Transcript of the second part of the video (Interview with Ron Davis & Janet Dafoe)

ETA the transcript of the last interview with Prof. Sarah Tyson

 

Quite right. "Publish or perish" is a common turn of phrase in academia. Gotta meet your quota of peer-reviewed published papers or risk losing your job! These pressures have trickle-down effects from research risk adversity (negative results are hard to get published) to pro forma studies designed just to generate a bunch of data that can be transformed into fast papers. The science suffers, and much time (and money) is squandered. It's how the system is set up, unfortunately.

 

I could not agree more, and I hope this is done as soon as possible. It does not seem that difficult compared to the other research and funding challenges. Something on this IDO2 mutation would be really interesting and as you say would spur interest from others. This approach seems to silo the research unnecessarily, potentially slowing things down whereas the goal is presumably to speed it up by not prioritising writing up research. Targeted papers - not pointless, but informative, transparent, and designed to catalyze the process - seem worth doing.

 

They seem vested in the IDO2 metabolic trap hypothesis, maybe a little too much in my view. I still haven't learned why they decided to pick that particular gene and mutation out of the tens of thousands of other genes. Even if they only consider genes that could create a bistable system and metabolic trap, Phair has already mentioned there are several other candidates.

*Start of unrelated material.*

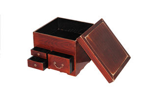 一般的には、中に飯椀・汁椀・茶碗・小皿・箸が入っている。
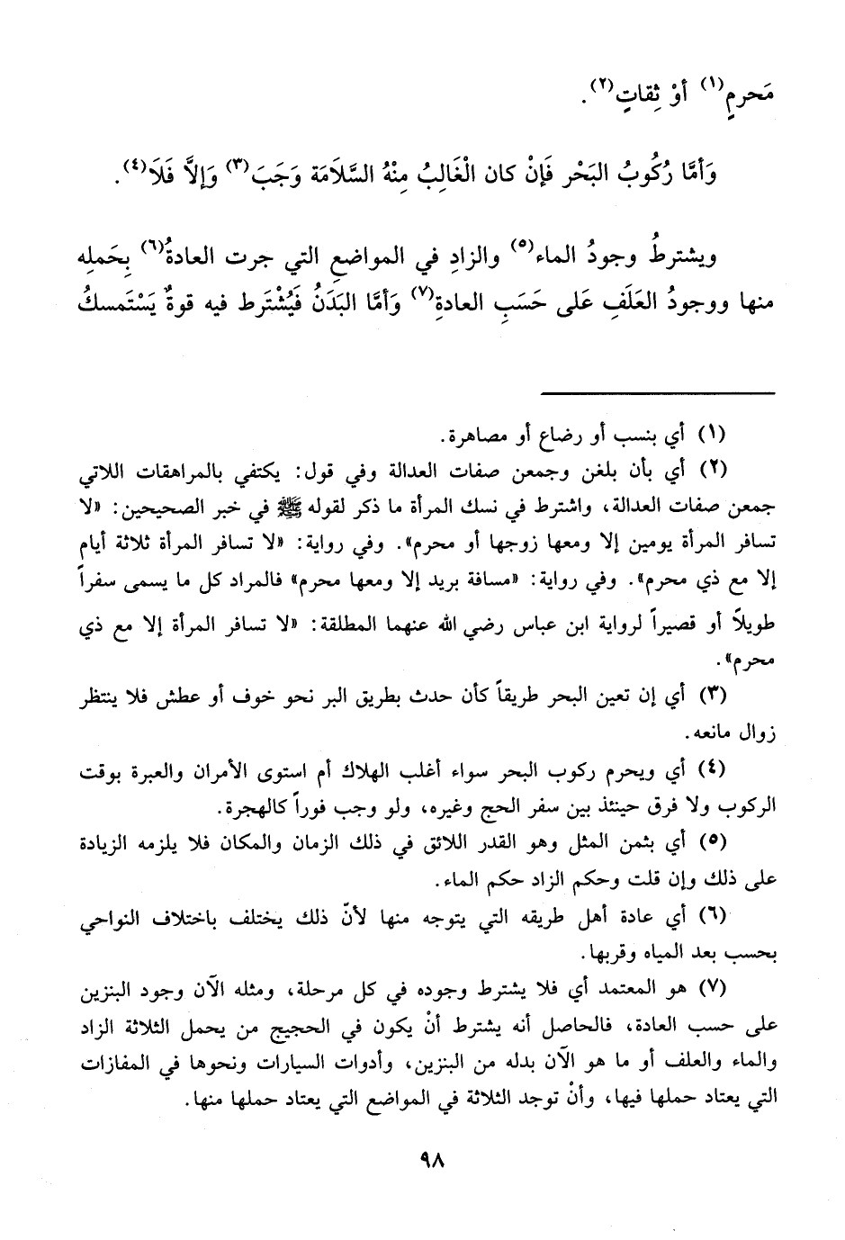 (¬7) هو المعتمد أي فلا يشترط وجوده في كل مرحلة، ومثله الآن وجود البنزين على حسب العادة، فالحاصل أنه يشترط أنْ يكون في الحجيج من يحمل الثلاثة الزاد والماء والعلف أو ما هو الآن بدله من البنزين، وأدوات السيارات ونحوها في المفازات التي يعتاد حملها فيها، وأنْ توجد الثلاثة في المواضع التي يعتاد حملها منها.

The other question is how it ties into the Abilify improvements, which seems hard to understand. If they believe that the metabolic trap is the cause of the disease and that Abilify improves patients, then you'd think Abilify would affect kynurenine or tryptophan pathways in some way, but everything we hear is that it primarily affects dopamine.

I also think they should publish more. Actually, this paper from Moreau et al. who collaborate with OMF is in the 99th percentile of all articles of similar age according to metrics, so clearly such articles can have a big impact.